“I did, though, Teagan. He should be here. I wish he was still here.” I would trade places with him. Give up everything if I could. “I wish you could have met him.”
“Me too. Then your heart wouldn’t be so heavy all the time,” Teagan says softly.
It scares me how clearly she sees me. How much I want this. Her. Even though I deserve none of it. “I can’t—” I shake my head. “I can’t talk about this anymore, tonight. Can we just . . . I don’t want to think.”
Teagan’s teeth sink into her bottom lip. “Is this one of those times when it’s better just to feel?”
I lick my lips, my mouth dry. “Yeah, it’s one of those times.”
“Okay.” She stands and extends her hand. “Let me help you with that.”
She leads me upstairs, and behind closed doors she distracts me from the demons living in my head.

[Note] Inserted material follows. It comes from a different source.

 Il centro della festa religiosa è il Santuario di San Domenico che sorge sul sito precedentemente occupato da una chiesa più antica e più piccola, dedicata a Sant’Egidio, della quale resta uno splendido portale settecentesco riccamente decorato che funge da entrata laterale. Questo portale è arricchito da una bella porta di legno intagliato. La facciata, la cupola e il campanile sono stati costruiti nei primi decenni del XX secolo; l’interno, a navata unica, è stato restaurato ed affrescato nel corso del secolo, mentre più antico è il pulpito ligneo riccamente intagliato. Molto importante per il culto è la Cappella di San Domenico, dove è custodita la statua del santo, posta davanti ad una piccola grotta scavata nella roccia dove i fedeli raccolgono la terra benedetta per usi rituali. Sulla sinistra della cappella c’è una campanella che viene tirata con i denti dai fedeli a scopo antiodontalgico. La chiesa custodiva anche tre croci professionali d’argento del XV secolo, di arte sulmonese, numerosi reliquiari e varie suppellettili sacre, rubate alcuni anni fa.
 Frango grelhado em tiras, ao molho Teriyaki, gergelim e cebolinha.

But I still dream.
Because those demons might quiet every once in a while, but they never go away.
CHAPTER 20
THE FIGHT TO GET IN
Teagan
We don’t leave for Pearl Lake until late in the afternoon on Sunday. I can feel his walls going back up over the course of the day. Shutting himself off like he does. I want to find a way to slip through the cracks, but I don’t know how yet. He’s quiet for the first part of the drive.
“You okay?” I ask.
“Yeah. Leaving is always hard.”
“Because you miss them or because of the memories?” I’ve been tiptoeing around him all day, worried I’m going to set him off.
“Both, I guess.”
“It must be hard for you, coming here and then having to go back to Pearl Lake and pretend like everything is okay when it’s not.” I want to find a way to show him I understand. “I know it’s not the same thing, but it’s tough when Bradley calls. I want to be there for him, but it feels a lot like a betrayal to Van. You’re caught between two worlds, and you don’t want to let anyone down.”
“Do you even want to talk to Bradley, or is it that you don’t want to turn your back on him?” Aaron asks.

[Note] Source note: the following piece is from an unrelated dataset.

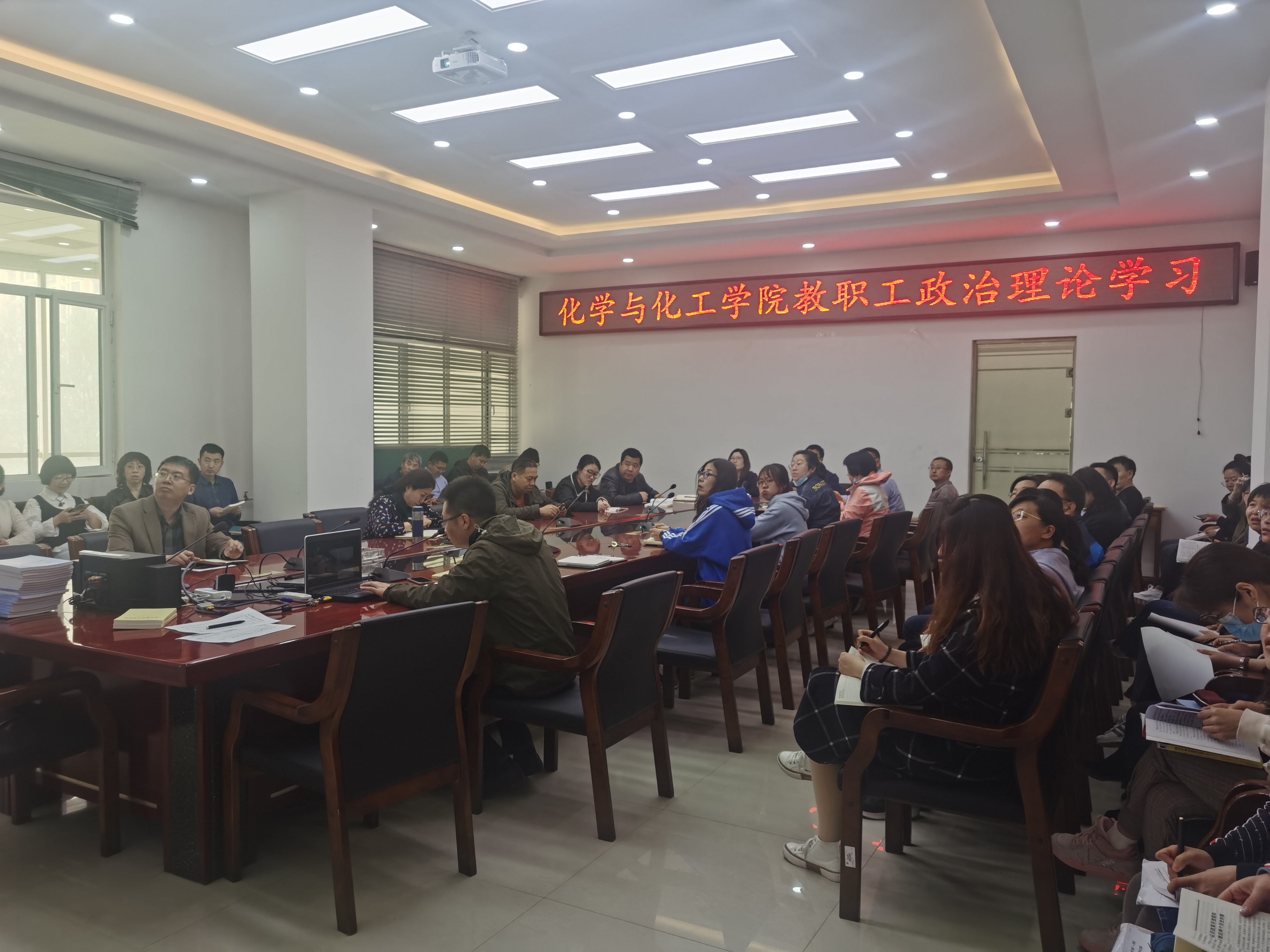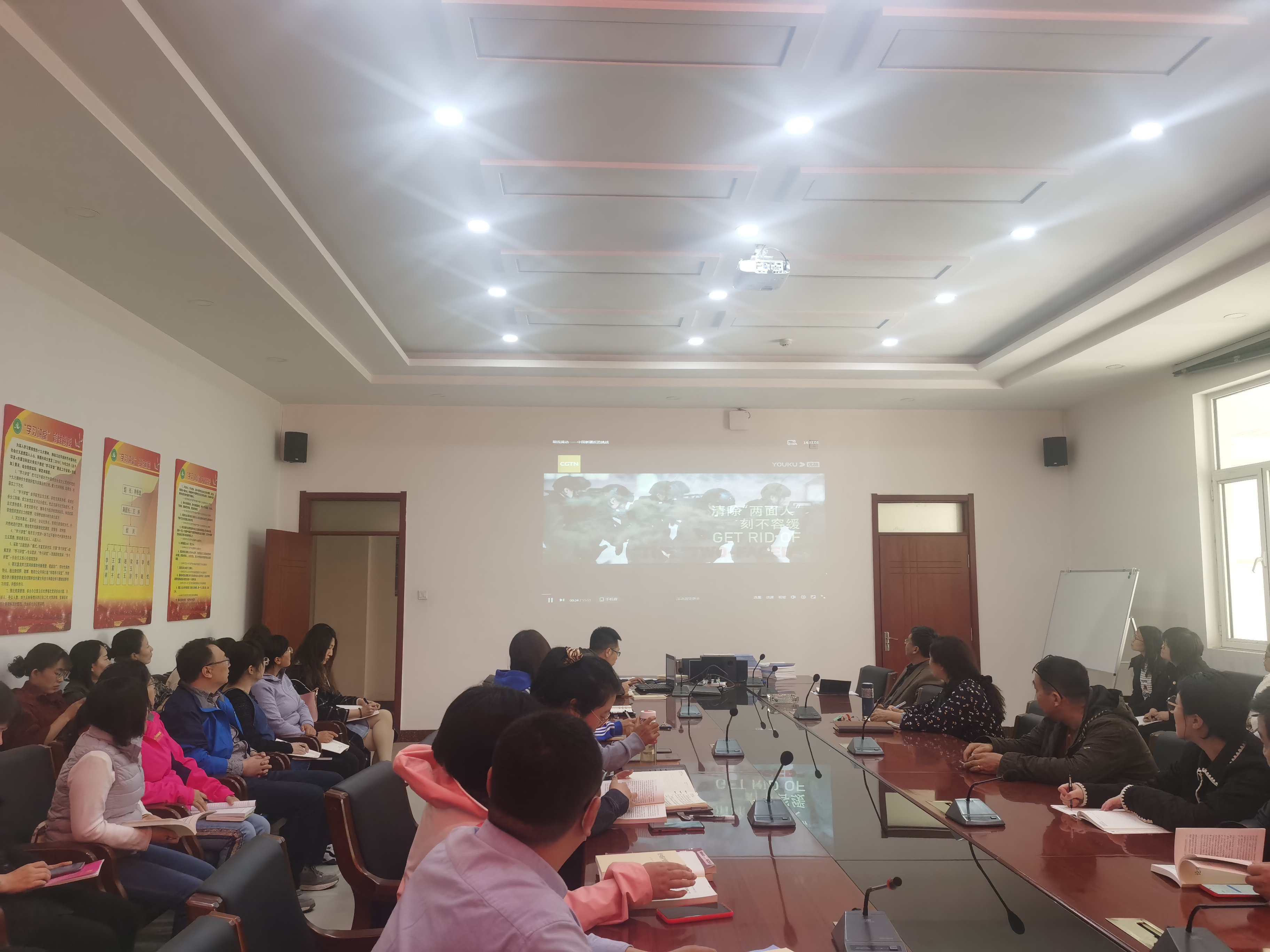 2021年4月15日下午14:30,yl6776永利集团在逸夫楼E202会议室开展教职工政治理论学习。全体教职工参加学习。本次学习内容为:观看纪录片《暗流涌动-中国新疆反恐挑战》。

I consider that for a moment before I say, “Everyone makes mistakes, and no one should be alone. He’s already isolated as it is; I don’t want to have a hand in making him worse when I’m already part of the reason he is where he is.” I want to find a way to relate, to show him I see him and that he’s not alone either.
“You’re not the reason he’s behind bars. He tried to frame your brother,” Aaron points out.
“But I feel like I’m part of the reason. I helped put him where he is, and whether or not he deserves it, I still feel bad, just like you.”
He’s quiet for a few seconds before he says, “Lydia likes to paint me in a much nicer light than I deserve. I know you want to believe I’m this good guy, Teagan, but your brother being behind bars isn’t the same thing. I’m the reason my brother is dead.” He looks out the window, his face obscured by his ball cap.
I want to tell him to give himself some grace. It’s not his fault that Devon died, but I know better than to say something like that to him, aware that his guilt is stronger than anything else. Just like my dad’s guilt over losing my mother ruled him for nearly two decades. He still blames himself for the way Bradley turned out, and I think he probably always will, even though Bradley made his own choices, much like Devon and Lydia did that night. And I’ll always feel some guilt over where Bradley is, even if it isn’t my fault.
“Do you truly believe that?”
“Yeah. He’d still be alive if I’d gone out with him to find his phone.”
“You couldn’t have known he wouldn’t make it back inside,” I say gently and reach across the center console to touch him.
He yanks his arm away. “It should’ve been me. I should have gone out there. Then Jamie would have a fucking father and Lydia wouldn’t be a single fucking mom and my dad wouldn’t be minus a goddamn son!”
“I’m sorry.” I don’t know what else to say to make it better, and I have a feeling that no matter what I say, he’s going to find a reason to beat himself up.
“Sorry isn’t ever going to bring him back, so it’s a pretty fucking useless thing to be.”
I don’t try to coax him to talk for the rest of the drive home. His comment stings, but I know it’s not me he’s angry with. It’s himself. For letting me in. For losing someone he loves. For sharing a piece of himself and making himself vulnerable in the process.